| ACTION ITEM |
Reproduce the records below exactly from their first line through the line containing "Bei der anschließenden", omitting all pictures.

| SUPPLIED DATA |
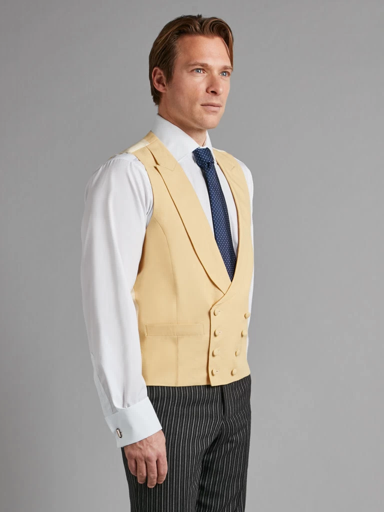 Tailored from the Oliver Brown double-breasted block for a “classic-fitted” cut, this yellow linen waistcoat is a stalwart of traditional morning wear and is available in a palette of stylish, muted shades.
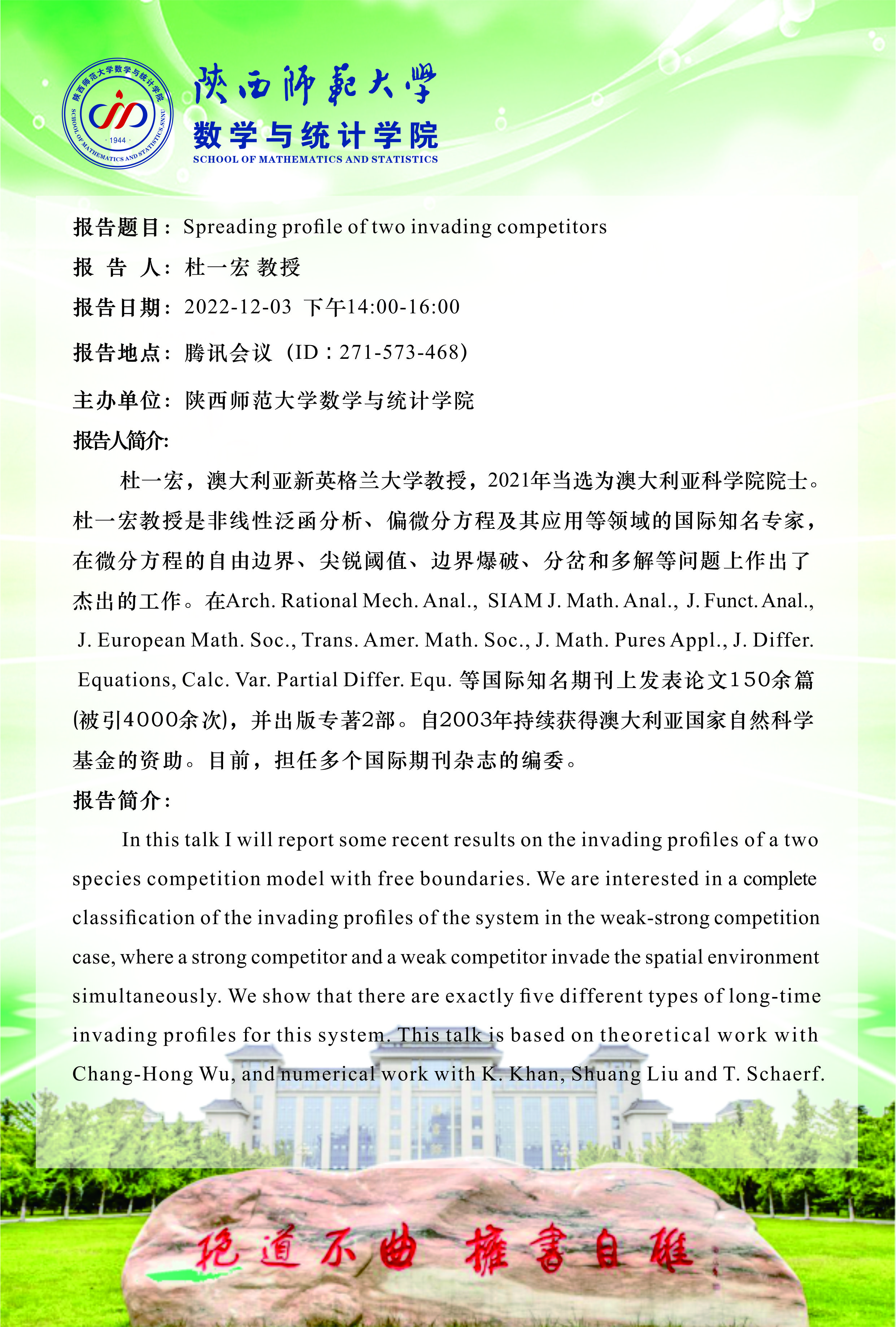 • 地点: 腾讯会议(ID:271-573-468)
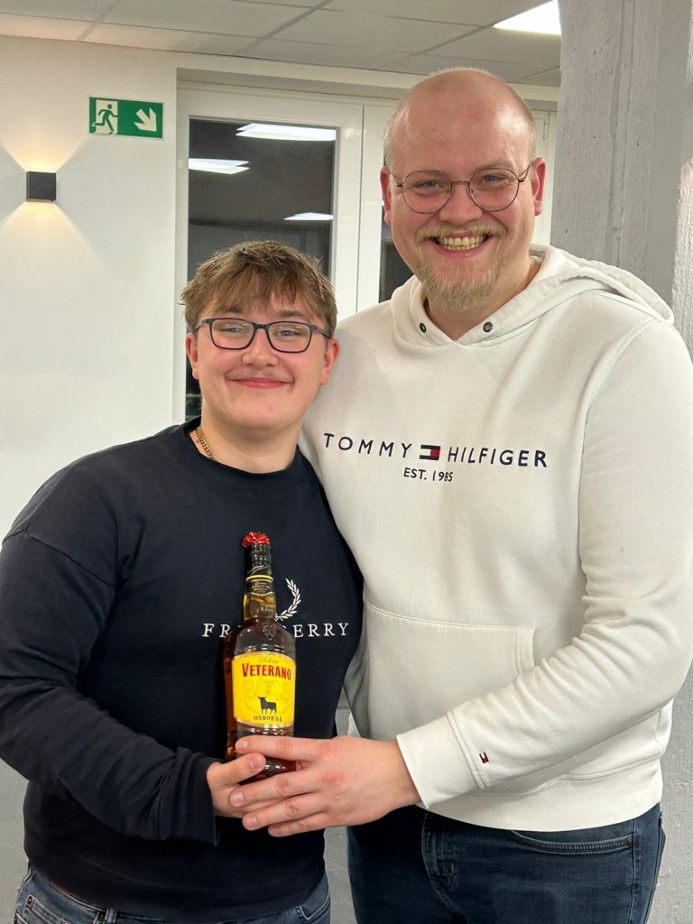 Bei der anschließenden Thekensport-Olympiade konnte sich das Team „Krater“ mit Dominik Fischer und Fabian Gburek gegen Team „die können „nichts““ und Team „Königin“ durchsetzen.
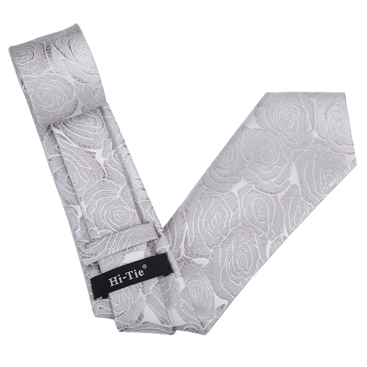 White Grey Floral Tie Pocket Square Cufflinks SetWhite Grey Floral Tie Pocket Square Cufflinks Set
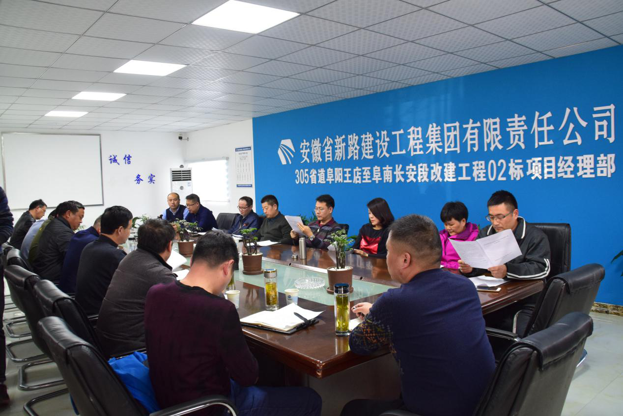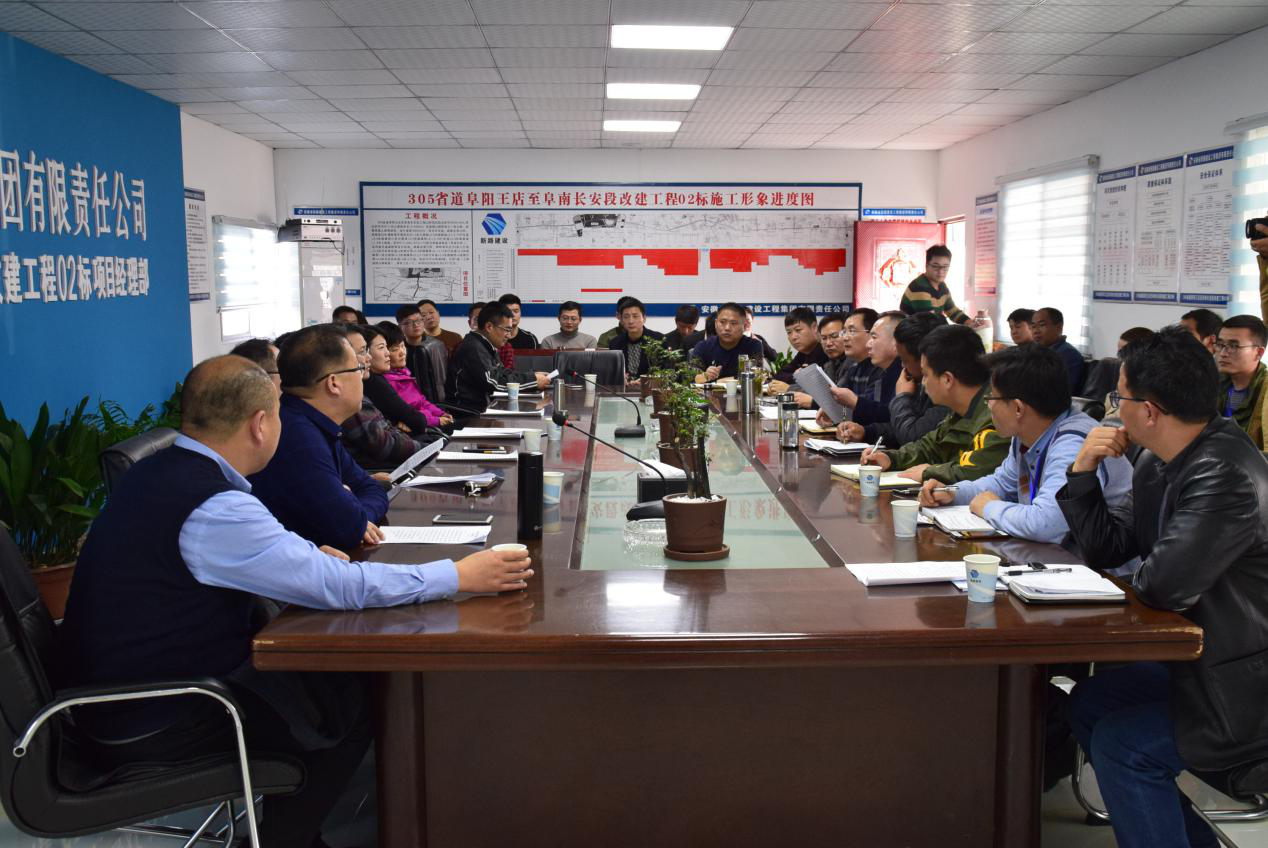 随后,虢磊一行在305省道阜阳王店至阜南长安段改建工程02标项目部会议室进行了节后复工会议。会议中,项目办领导2017年度完成情况、节后复工情况以及2018年主要工作节点目标及存在的问题进行了详细的汇报,虢总在听取汇报内容后,对施工过程中存在的施工环境问题、材料上涨问题等给出了具体的解决措施,要求重视驻地建设,重视场站环保建设,同时交投公司也将协助施工单位解决目前施工中的各种问题,希望大家共同努力克服困难,确保完成目标!
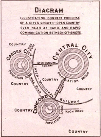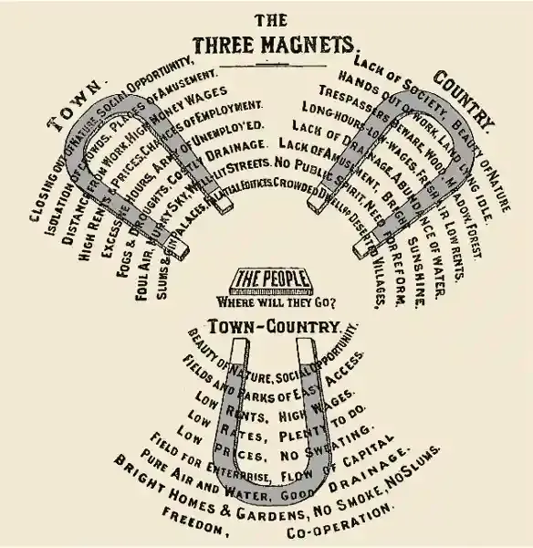 * 이미지: 에버니저 하워드의 세 자석 모양의 그림. 여기에는 '도시Town', '전원Country', '도시-전원Town-Country' 중에서 "사람들이 어디에 살 것인가?"를 묻고 있다.
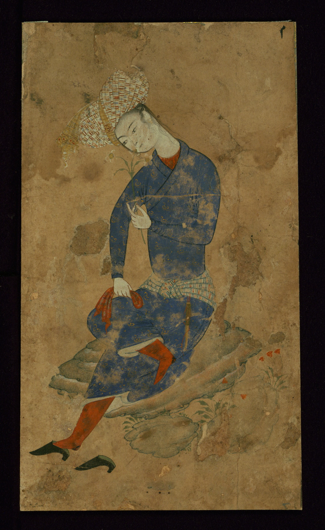 This single-leaf painting of a young man in a blue robe and red undergarment was produced in Safavid Iran in the eleventh century AH / seventeenth CE. The youth sits in a landscape smelling a flower. Images of elegantly dressed men and women were exceedingly popular in Safavid Iran. They circulated as loose leaves and were collected into albums (muraqqaʿ). The work is painted in opaque watercolor and gold.
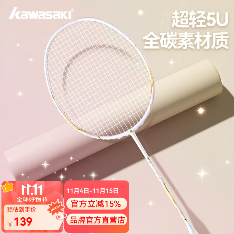 川崎(KAWASAKI) 羽毛球球拍单拍男女专业全碳素超轻进攻型羽毛拍单支羽毛球拍 送3球2手胶-璀璨 (穿线) 淡金
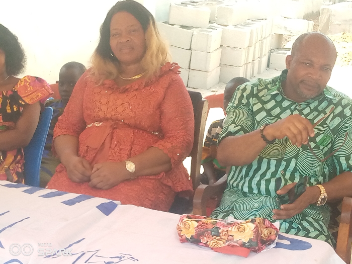 The image depicts two adults seated at a table covered with a white cloth adorned with blue markings. A woman, dressed in a red lace garment and wearing a gold watch and necklace, is seated to the left. A man, wearing a green and white patterned shirt and a gold watch, is seated to the right. In front of the man, a floral-patterned item rests on the table. A stack of white, rectangular blocks is visible in the background. Partially visible behind the woman is another individual in a patterned garment. Two children are partially visible seated behind the adults. The location is Ajaokuta, Nigeria, based on metadata.

| SOLUTION TO THIS PROBLEM |
 Tailored from the Oliver Brown double-breasted block for a “classic-fitted” cut, this yellow linen waistcoat is a stalwart of traditional morning wear and is available in a palette of stylish, muted shades.
 • 地点: 腾讯会议(ID:271-573-468)
 Bei der anschließenden Thekensport-Olympiade konnte sich das Team „Krater“ mit Dominik Fischer und Fabian Gburek gegen Team „die können „nichts““ und Team „Königin“ durchsetzen.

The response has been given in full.